WHAT YOU NEED TO DO
Two lines mark the range in the entries below: the one holding "111cm/s 113T +9cm/s" and the one holding "独角兽家族也算是PK中的常客". Set down those two and all lines between them, exactly.

EXERCISE INPUTS
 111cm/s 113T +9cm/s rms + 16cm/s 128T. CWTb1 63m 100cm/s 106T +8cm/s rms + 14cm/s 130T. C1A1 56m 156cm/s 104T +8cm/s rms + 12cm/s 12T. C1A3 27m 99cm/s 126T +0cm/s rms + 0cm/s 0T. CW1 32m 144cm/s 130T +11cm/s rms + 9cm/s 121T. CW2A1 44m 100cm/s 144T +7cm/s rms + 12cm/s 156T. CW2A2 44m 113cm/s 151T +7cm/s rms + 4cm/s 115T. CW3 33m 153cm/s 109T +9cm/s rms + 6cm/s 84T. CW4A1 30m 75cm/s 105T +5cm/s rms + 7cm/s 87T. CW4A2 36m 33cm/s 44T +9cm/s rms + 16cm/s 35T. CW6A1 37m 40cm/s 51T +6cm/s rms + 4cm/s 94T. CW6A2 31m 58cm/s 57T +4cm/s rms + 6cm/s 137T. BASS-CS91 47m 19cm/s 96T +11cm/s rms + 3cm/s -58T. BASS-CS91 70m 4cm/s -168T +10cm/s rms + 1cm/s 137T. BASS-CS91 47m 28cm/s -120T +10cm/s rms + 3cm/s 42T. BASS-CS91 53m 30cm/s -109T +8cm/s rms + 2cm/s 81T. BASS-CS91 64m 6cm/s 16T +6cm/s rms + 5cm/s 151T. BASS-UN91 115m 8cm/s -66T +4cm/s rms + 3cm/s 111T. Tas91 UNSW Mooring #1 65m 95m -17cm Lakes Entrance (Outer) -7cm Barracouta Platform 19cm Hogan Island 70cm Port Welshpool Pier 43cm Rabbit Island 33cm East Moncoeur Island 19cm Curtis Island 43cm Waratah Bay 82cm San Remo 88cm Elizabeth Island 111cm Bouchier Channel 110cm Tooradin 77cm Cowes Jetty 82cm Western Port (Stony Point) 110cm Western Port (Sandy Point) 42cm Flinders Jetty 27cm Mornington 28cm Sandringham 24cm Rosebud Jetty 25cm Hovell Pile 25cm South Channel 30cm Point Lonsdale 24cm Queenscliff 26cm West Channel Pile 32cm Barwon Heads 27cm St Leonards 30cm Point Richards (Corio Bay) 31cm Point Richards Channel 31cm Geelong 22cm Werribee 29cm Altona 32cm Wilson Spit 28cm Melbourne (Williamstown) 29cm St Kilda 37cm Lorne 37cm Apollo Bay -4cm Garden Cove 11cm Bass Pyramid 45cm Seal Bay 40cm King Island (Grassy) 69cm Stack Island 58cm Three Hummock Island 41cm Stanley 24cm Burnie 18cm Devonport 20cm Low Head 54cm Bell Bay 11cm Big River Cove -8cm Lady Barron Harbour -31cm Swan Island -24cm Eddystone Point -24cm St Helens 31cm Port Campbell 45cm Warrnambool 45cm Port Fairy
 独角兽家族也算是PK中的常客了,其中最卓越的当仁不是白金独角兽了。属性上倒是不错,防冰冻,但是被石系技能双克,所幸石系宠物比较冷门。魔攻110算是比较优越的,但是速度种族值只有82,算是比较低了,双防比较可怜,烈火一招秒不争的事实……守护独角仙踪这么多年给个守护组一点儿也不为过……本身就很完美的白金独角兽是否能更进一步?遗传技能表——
...
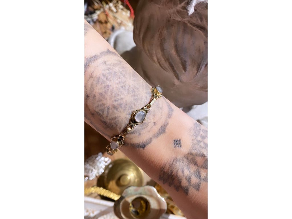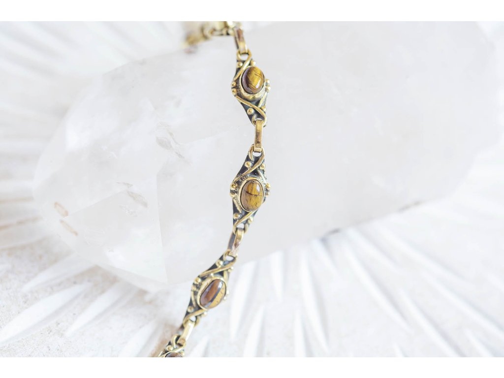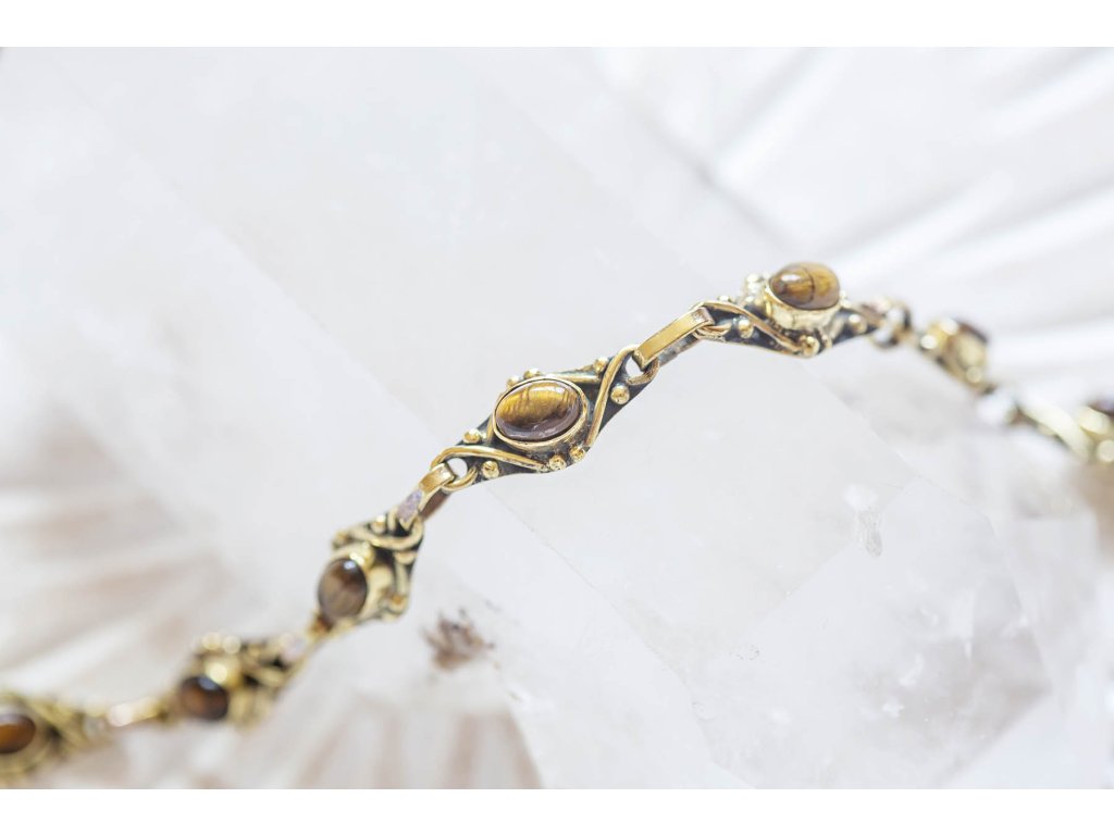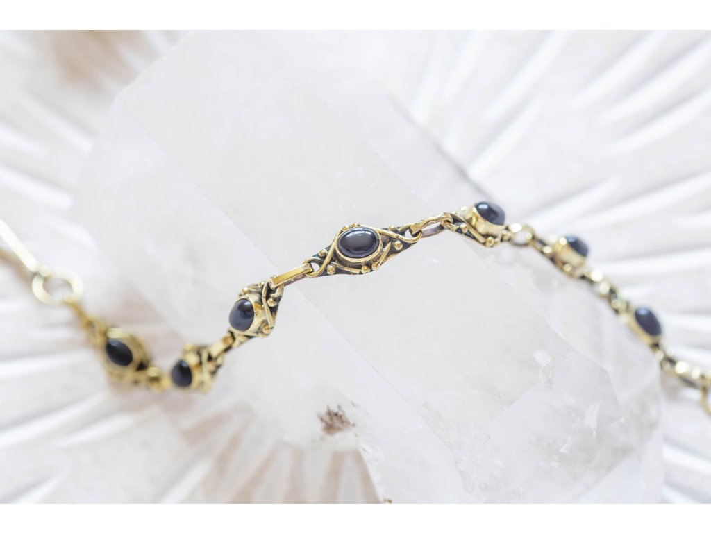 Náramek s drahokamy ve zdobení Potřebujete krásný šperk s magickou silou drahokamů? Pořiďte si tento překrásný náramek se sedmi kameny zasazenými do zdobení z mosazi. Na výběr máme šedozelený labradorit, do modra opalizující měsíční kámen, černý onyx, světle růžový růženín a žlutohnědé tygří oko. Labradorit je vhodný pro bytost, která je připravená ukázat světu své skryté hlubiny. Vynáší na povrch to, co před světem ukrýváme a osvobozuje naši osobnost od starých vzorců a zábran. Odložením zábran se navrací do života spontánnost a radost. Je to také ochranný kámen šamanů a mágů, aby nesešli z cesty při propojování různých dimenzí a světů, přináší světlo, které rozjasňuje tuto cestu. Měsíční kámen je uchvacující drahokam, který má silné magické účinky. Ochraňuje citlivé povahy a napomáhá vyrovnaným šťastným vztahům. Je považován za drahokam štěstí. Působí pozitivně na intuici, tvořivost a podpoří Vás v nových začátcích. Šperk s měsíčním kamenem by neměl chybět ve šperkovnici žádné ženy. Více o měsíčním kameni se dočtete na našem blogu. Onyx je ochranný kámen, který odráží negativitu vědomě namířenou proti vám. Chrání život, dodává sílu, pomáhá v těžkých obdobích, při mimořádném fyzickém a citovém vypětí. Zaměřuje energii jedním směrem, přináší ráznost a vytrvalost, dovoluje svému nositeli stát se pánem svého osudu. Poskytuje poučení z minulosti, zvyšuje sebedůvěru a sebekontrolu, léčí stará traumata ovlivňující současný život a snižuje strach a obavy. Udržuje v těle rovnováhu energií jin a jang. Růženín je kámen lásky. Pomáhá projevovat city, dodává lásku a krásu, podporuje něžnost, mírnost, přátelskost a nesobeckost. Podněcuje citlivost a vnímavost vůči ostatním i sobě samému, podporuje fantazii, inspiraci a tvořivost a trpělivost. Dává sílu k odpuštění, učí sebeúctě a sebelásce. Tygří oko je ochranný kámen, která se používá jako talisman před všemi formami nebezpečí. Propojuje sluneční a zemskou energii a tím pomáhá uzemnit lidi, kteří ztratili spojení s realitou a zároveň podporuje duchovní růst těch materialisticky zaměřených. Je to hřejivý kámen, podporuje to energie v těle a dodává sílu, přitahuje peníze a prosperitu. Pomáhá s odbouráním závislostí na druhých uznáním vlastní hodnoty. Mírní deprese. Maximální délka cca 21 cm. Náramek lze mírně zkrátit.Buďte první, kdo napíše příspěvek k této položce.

YOUR RESPONSE
 111cm/s 113T +9cm/s rms + 16cm/s 128T. CWTb1 63m 100cm/s 106T +8cm/s rms + 14cm/s 130T. C1A1 56m 156cm/s 104T +8cm/s rms + 12cm/s 12T. C1A3 27m 99cm/s 126T +0cm/s rms + 0cm/s 0T. CW1 32m 144cm/s 130T +11cm/s rms + 9cm/s 121T. CW2A1 44m 100cm/s 144T +7cm/s rms + 12cm/s 156T. CW2A2 44m 113cm/s 151T +7cm/s rms + 4cm/s 115T. CW3 33m 153cm/s 109T +9cm/s rms + 6cm/s 84T. CW4A1 30m 75cm/s 105T +5cm/s rms + 7cm/s 87T. CW4A2 36m 33cm/s 44T +9cm/s rms + 16cm/s 35T. CW6A1 37m 40cm/s 51T +6cm/s rms + 4cm/s 94T. CW6A2 31m 58cm/s 57T +4cm/s rms + 6cm/s 137T. BASS-CS91 47m 19cm/s 96T +11cm/s rms + 3cm/s -58T. BASS-CS91 70m 4cm/s -168T +10cm/s rms + 1cm/s 137T. BASS-CS91 47m 28cm/s -120T +10cm/s rms + 3cm/s 42T. BASS-CS91 53m 30cm/s -109T +8cm/s rms + 2cm/s 81T. BASS-CS91 64m 6cm/s 16T +6cm/s rms + 5cm/s 151T. BASS-UN91 115m 8cm/s -66T +4cm/s rms + 3cm/s 111T. Tas91 UNSW Mooring #1 65m 95m -17cm Lakes Entrance (Outer) -7cm Barracouta Platform 19cm Hogan Island 70cm Port Welshpool Pier 43cm Rabbit Island 33cm East Moncoeur Island 19cm Curtis Island 43cm Waratah Bay 82cm San Remo 88cm Elizabeth Island 111cm Bouchier Channel 110cm Tooradin 77cm Cowes Jetty 82cm Western Port (Stony Point) 110cm Western Port (Sandy Point) 42cm Flinders Jetty 27cm Mornington 28cm Sandringham 24cm Rosebud Jetty 25cm Hovell Pile 25cm South Channel 30cm Point Lonsdale 24cm Queenscliff 26cm West Channel Pile 32cm Barwon Heads 27cm St Leonards 30cm Point Richards (Corio Bay) 31cm Point Richards Channel 31cm Geelong 22cm Werribee 29cm Altona 32cm Wilson Spit 28cm Melbourne (Williamstown) 29cm St Kilda 37cm Lorne 37cm Apollo Bay -4cm Garden Cove 11cm Bass Pyramid 45cm Seal Bay 40cm King Island (Grassy) 69cm Stack Island 58cm Three Hummock Island 41cm Stanley 24cm Burnie 18cm Devonport 20cm Low Head 54cm Bell Bay 11cm Big River Cove -8cm Lady Barron Harbour -31cm Swan Island -24cm Eddystone Point -24cm St Helens 31cm Port Campbell 45cm Warrnambool 45cm Port Fairy
 独角兽家族也算是PK中的常客了,其中最卓越的当仁不是白金独角兽了。属性上倒是不错,防冰冻,但是被石系技能双克,所幸石系宠物比较冷门。魔攻110算是比较优越的,但是速度种族值只有82,算是比较低了,双防比较可怜,烈火一招秒不争的事实……守护独角仙踪这么多年给个守护组一点儿也不为过……本身就很完美的白金独角兽是否能更进一步?遗传技能表——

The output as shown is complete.